Ellsworth and Mary Elizabeth Iager had just returned from their honeymoon in 1938 when they began raising not children, but turkeys. On a 108-acre farm in Fulton that had been in the Iager family since the 1840s, the newlyweds woke before dawn to till the land, milk dairy cows and tend to turkeys they called “Sho-Nuf.”
Over the decades, “Sho-Nuf” turkeys appeared on the plates of Maryland governors and even President John F. Kennedy. Business-savvy Ellsworth bought up neighboring farms, and he and Mary Elizabeth eventually handed the farm, called Maple Lawn, down to their sons, who still own it today.

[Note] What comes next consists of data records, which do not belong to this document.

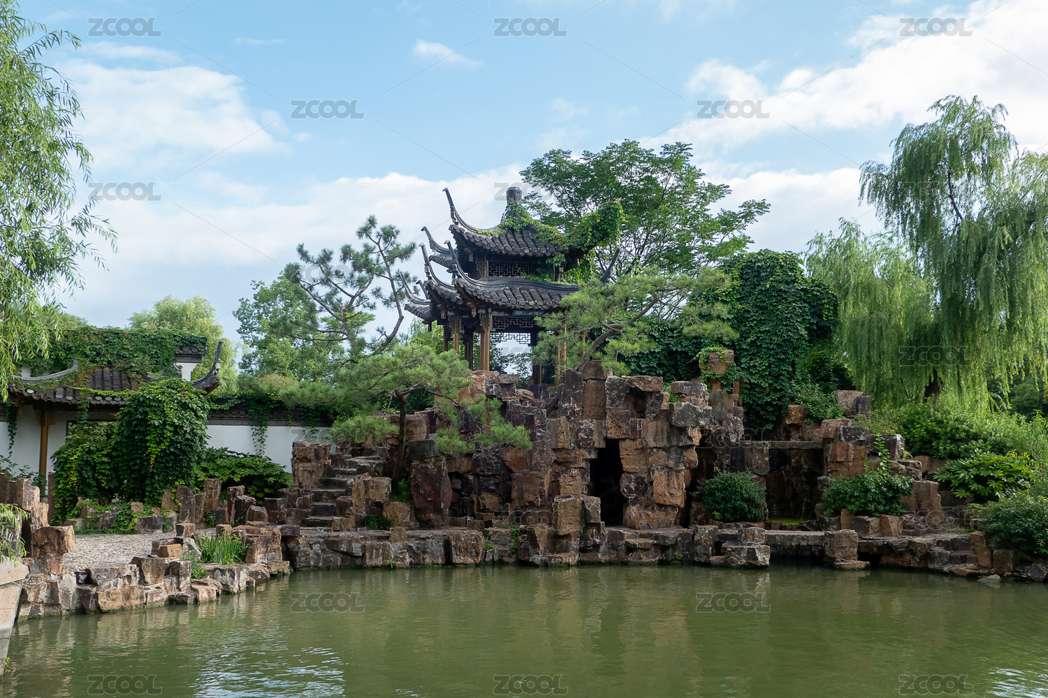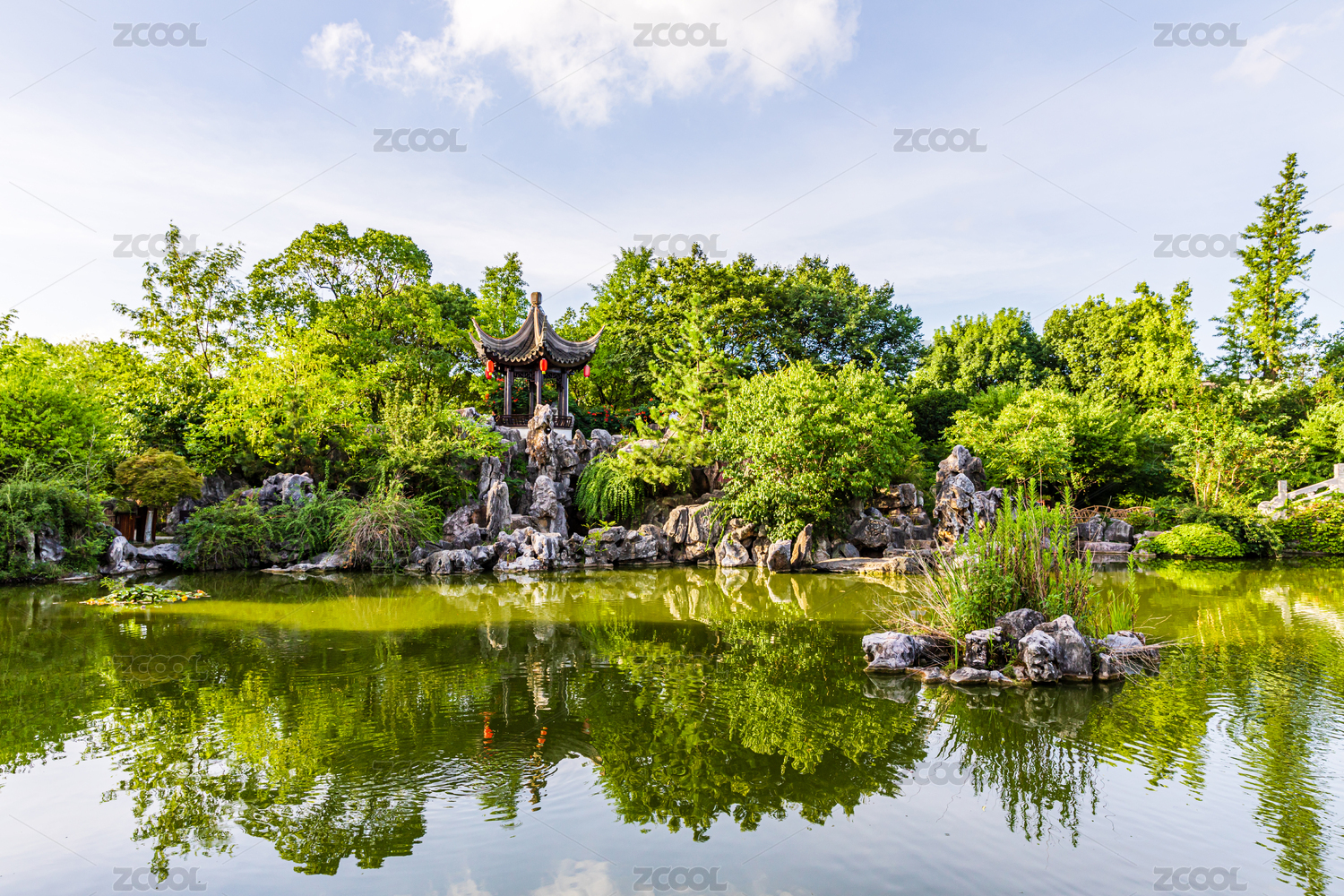中国古典园林中的假山凉亭和池塘
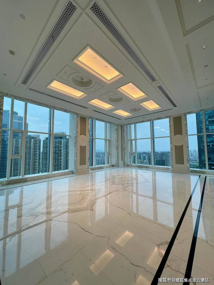 顶跃复式:418㎡顶层复式(实得约750㎡),层高6.3米,含6套房+1书房,配备私人直升机停机坪
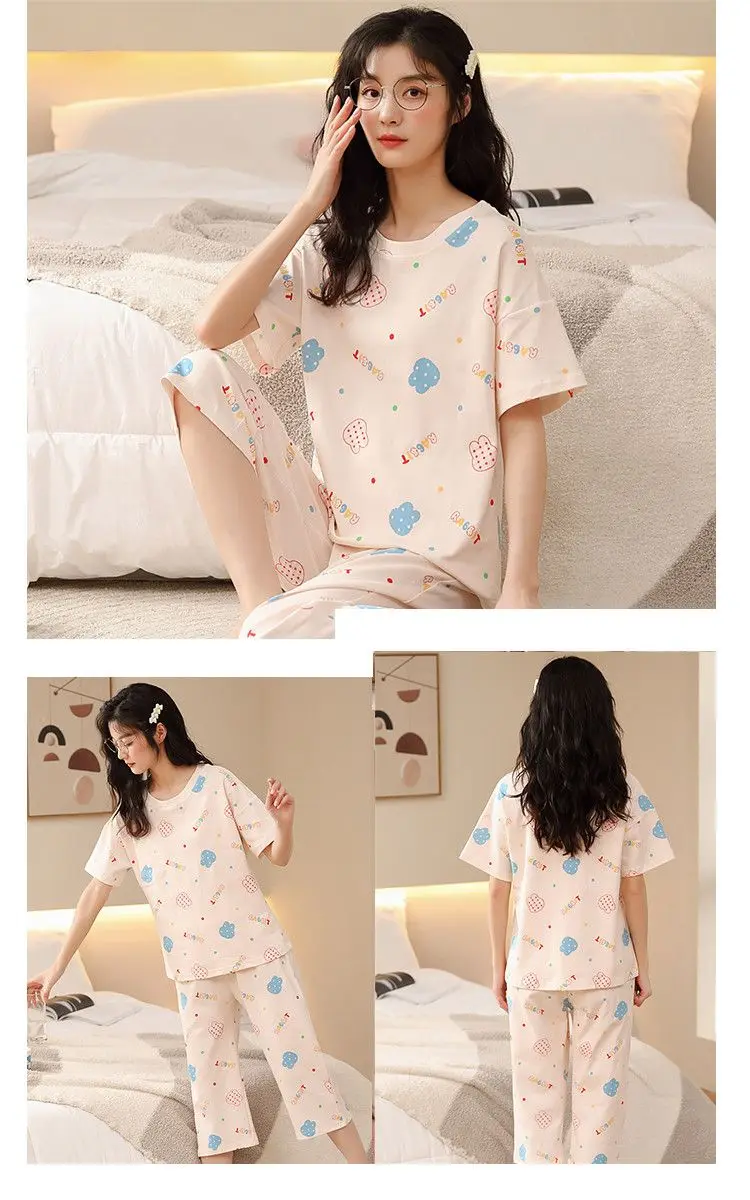 Summer Knitted Cartoon Rabbit Print Two Piece Kawaii Girl Short Sets Women Pajamas Sets Pyjamas Ladies Sleepwear Pijamas Fashion

“We take free range to a different level,” Gene Iager told a farming publication in 2014, discussing the success of his turkeys. Maple Lawn’s poultry spent as much time as they wanted outside, he said, reducing their stress hormones and making for a better-tasting bird.
In 2000, the Iager family sold a large chunk of the property to developers over the vocal objections of neighbors. The area is now home to office buildings, restaurants and homes. As Gene Iager told The Post in 2000, "Whether we want it or not, this land is not going be farmed forever. Farming is history in Howard County."
For now, at least, the turkeys are still sold around Thanksgiving directly from Maple Lawn farm and at Whole Foods in Columbia.